When a person dies, it is natural that a grieving friend or relative may want to access your emails for sentimental reasons or, more practically, to settle financial and business issues.  Most companies have “terms of service” agreements which prohibit anyone from accessing accounts that aren’t theirs. Facebook will memorialize accounts by allowing friends to continue to view photos and posts after a person dies.  Yahoo users agree that their account expires upon death.   One father recently made national news when Yahoo refused him access to his deceased son’s email account.  His son was a marine in Iraq and his family wanted to use his emails to create a memorial.  Only after a probate judge issued an order requiring Yahoo to provide the information did the family receive a CD with the data. 

As part of your estate plan, you should decide if you want your spouse and children reading all of your emails.  If not, perhaps you should appoint an email executor to delete them all upon your death.  Lawyers, physicians, and other professionals must be particularly careful as posthumous disclosure of confidential client communications may constitute a breach of duty and result in liability even after death.

There is also the issue of what happens to acquired digital assets.  The average American owns more than $37,000 in digital assets—eBooks, ITunes, movie downloads, etc.  Can you bequeath these assets to beneficiaries?  Why not?  But you can’t do it without passing on the password to your intended recipient.
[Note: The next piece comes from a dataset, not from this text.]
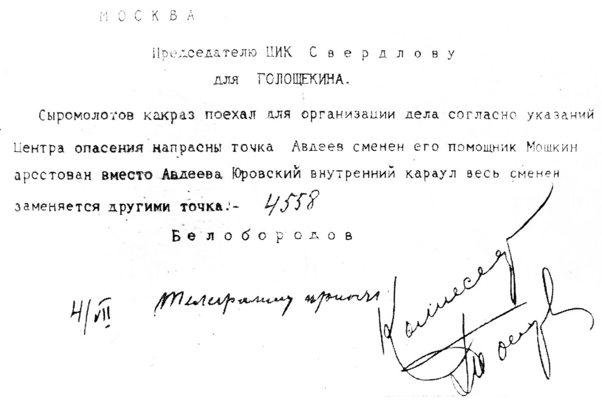 Later Kobylinsky received a wire from Nabokoff announcing the arrival of the party at Tumen. Greatly to the surprise of everybody Kobylinsky suddenly received a telegram from Matveieff stating that the emperor and all the persons in his party were held up in Yekaterinburg. This was quite unexpected, as we all thought that the emperor was to be taken to Moscow.{30}

You might say, “there should be a law on this.”  It is likely there will be one soon.  The Uniform Law Commission recently put together a committee on this very issue. Their proposed laws are not to be released for at least one year. 

In the meantime, what can or should you do?

1.  Make an inventory of your social media passwords, emails, shopping sites and all other on-line accounts such as credit card or bank accounts.  You probably have more than you think and you should have this information all in one place anyway.

2.  Have your attorney draft a specific clause in your will/trust to allow a designated person the power to access, handle, distribute or dispose of your digital assets and control all passwords upon your death or incapacitation.  The more specific the better.

3.  Consider using an on-line service such as “Legacy Locker,” which is a website that allows you to deposit your digital property and passwords and will let you grant access to friends and family when you die or become incapacitated. 

4.  Make your wishes and plans known to your loved ones to ensure that what you plan is actually executed as you wish.

I saw a t-shirt the other day that read, “What happens in Vegas stays on Facebook.”  It is a bit disturbing to me that, when I finally meet my maker, my friends will continue to “like” my photos and posts into the future.  I also find it concerning that someone could read all of my emails–some of which were probably carelessly worded and flippantly sent.  That’s why I am coming up with a plan to keep these matters private when I am no longer able to log on!